なぜ、イエス様が水の上を歩いた、と伝えられているのでしょうか、それは事実だからだ、と言う人がほとんどでしょう。聖書は市役所に保管されている、市議会議事録のようなもの、あるいは法務局で閲覧できる登記簿のようなものだ、と考えているひとにはそのようにしか考えることができないのも無理はないかもしれません。

しかし、福音書でイエス様は、喩えを用いて説明をしますよ、と言っておられます。つまりそこから、福音書はそれ本体にも喩えが用いられているだろう、とも考えることができるはずです。イエス様は正しい人のプロトタイプなのであって、その示唆するところのメソッドには倣うべきであった、と考察することは不自然なことではありません。

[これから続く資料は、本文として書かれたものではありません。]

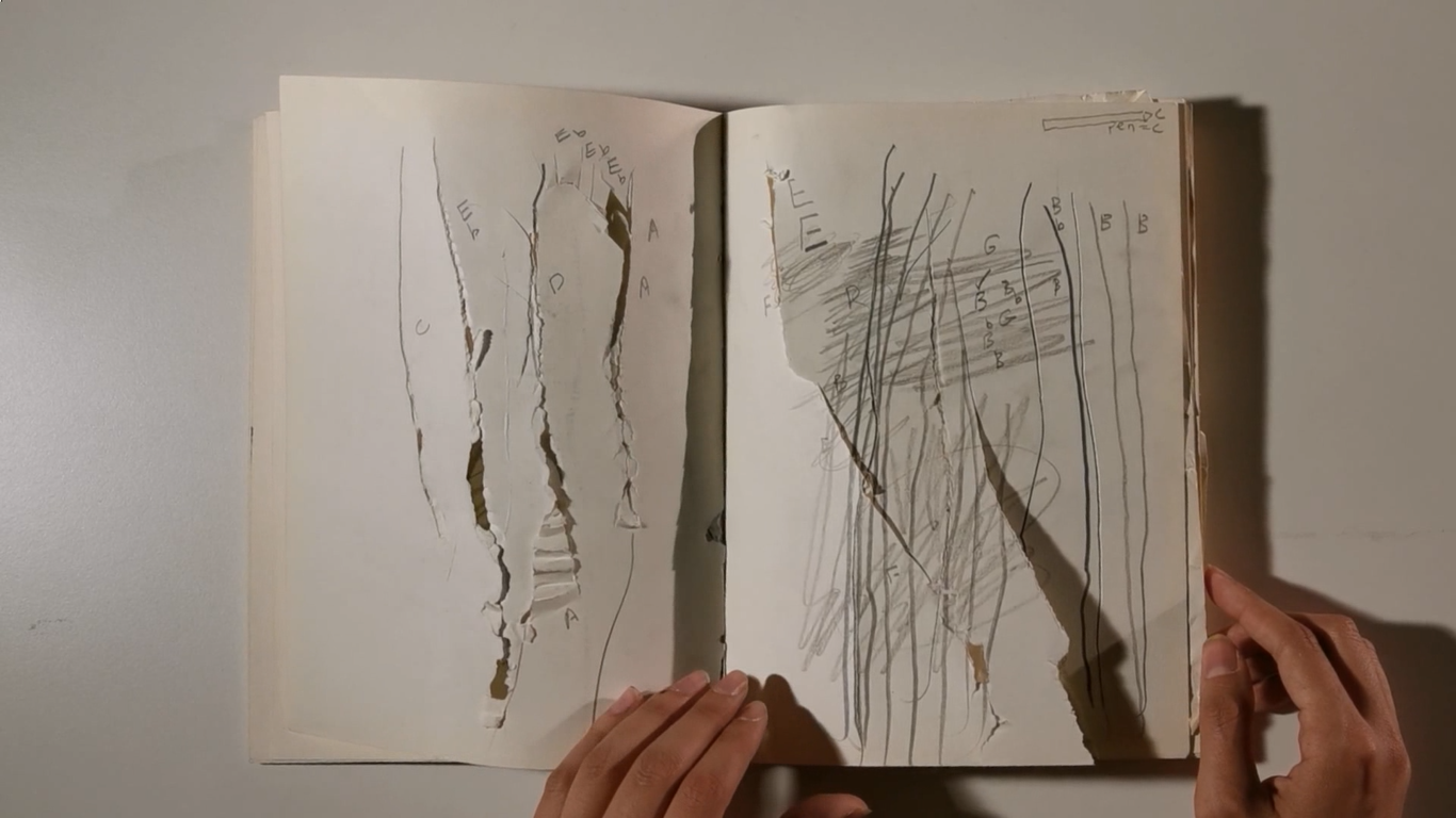 I explored the sound of different expressions and feelings of a pen, together with the sound of cello. I placed a tuner next to my sketchbook and wrote down the notation of each line. For example, a scratch could be an F note. I recorded the sound of drawing and its notations, then played them on my cello and recorded the cello sound. In the end, I mixed the sounds of the pen and the cello together.

そう考えて、どの水上歩行のエピソードでも、その直前に、群衆を前にして説教を行っていた、という点に注目するのであれば、その斬新な教説に対して、反対意見を主張するものがいなくはなかっただろう、と推察することができると思います。

エス様に近寄り、あるいは暴力的に、または嘲笑し、罵倒するものもあったかもしれません。

逆風が吹きすさぶ水の上を歩いた、という記述には、そのときイエス様は、罵り返すようなことはせず、声高に反論もせず、ただ莞爾として、受け入れて聞いておられたのだ、という意味が隠されているのではないでしょうか。

まるで嵐の海を何事もなく歩くかのように、イエス様は世間の荒波を、何の難もなく過ごされた、弟子たちはその有様を見て、今までにこのような人を見たことがない、と驚嘆した、と記述されているわけです。

福音書は議事録ではなく、出来事になぞらえて精神性を伝えようとする説話なのです。神が行った、人間には不可能で不思議なお話、として済ませてしまったのでは、その本意は失われてしまうばかりです。